次世代ネットワークは「人口減少」や「環境問題」の打ち手につながる

――本書の最後では、インターネットの未来の姿として「10年後のネットワーク」にも触れています。ネットワーク技術の進化は、私たちの暮らしをどのように変えるのでしょうか。

谷脇 現在、私たちが使っているのは「5G」と呼ばれる第5世代のネットワークです。「5G」の特徴的な機能として「高速・大容量」「低遅延」「多数同時接続」が挙げられます。その「5G」を発展させた次世代ネットワークとして「Beyond 5G」があります。「5G」をさらに高度化させつつ、「拡張性」「自律性」「超低消費電力」といった機能を備えたものです。
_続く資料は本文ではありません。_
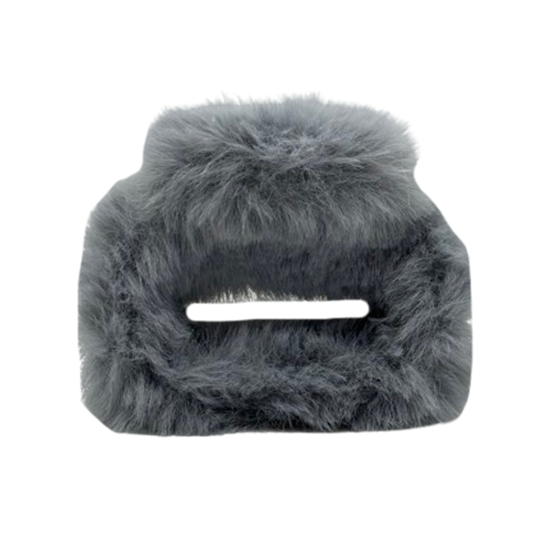 Piranha de acrílico transparente com aplicação de pelo sintético na cor cinza.

 たとえば、次世代ネットワークの範囲は水中や地底、宇宙といったエリアにまで拡大していくと言われています。これにより、海洋資源や鉱物資源の探索等が大きく進むものと期待されています。また、日本が人口減少という大きな課題を抱える中、これまで技術者の努力によって構築されてきた通信ネットワークの領域にAIを活用し、自律的にすべて自動で設定を行う試みも始まっています。

 すでに高速道路やトンネル、橋、下水道といったライフラインを維持する「スマートメンテナンス」といった取り組みも始まっています。従来、技術者が目視や打音検査といった方法で行っていた点検だけでなく、センサーを活用して客観的な情報を取得したり、センサーを使って収集したビッグデータをもとにデータに基づいたメンテナンスを実施したりすることで、効率的な補修を進めているのです。デジタル技術を使って省力化をはかりつつ、同時にビッグデータを活用し匠の技を継承するトレンドは加速していくでしょう。

 さらに、環境問題の観点から、通信業界における電力消費量削減も喫緊の課題です。現状のままでは、2030年には「通信業界の電力消費量」が「現在の日本全体で使われている電力量」の約1.5倍になると言われています。そこで、2030年には通信業界の電力消費を現在の100分の1に抑制することを目指して技術開発が進められています。

――これからの時代、組織の変革を牽引するリーダーたちは、インターネットの進化をどのような目で見ていけばよいでしょうか。

谷脇 デジタル技術が進化することで、効率化、自動化、最適化だけでなく「個別化」といった新たな価値が生み出されます。個別化が進めば、一人ひとりの利用者に寄り添うことで、個々の状況、要望に合った“優しいサービス”の提供が可能になります。また、細かい作業を自動化することで、余った時間を人間同士の心のこもった交流の時間に充てることができるようになります。このように考えると、デジタル技術によって「人間らしさ」や「豊かさ」を生み出すことができますよね。

 デジタル技術は無機質の象徴のように思われがちですが、決してそんなことはありません。人間が本来もつべき豊かさや優しさ、多様性をどのように実現するかに役立てるべきです。インターネットが「便利なもの」というレベルを大きく超えて、社会経済の基盤インフラにまで成長しているからこそ、「人間のためのインターネット」を追求しなくてはいけません。そして、インターネットが世界の混乱や脅威を生むのではなく、各国で続く紛争をなくすための技術として機能することが大切だと考えています。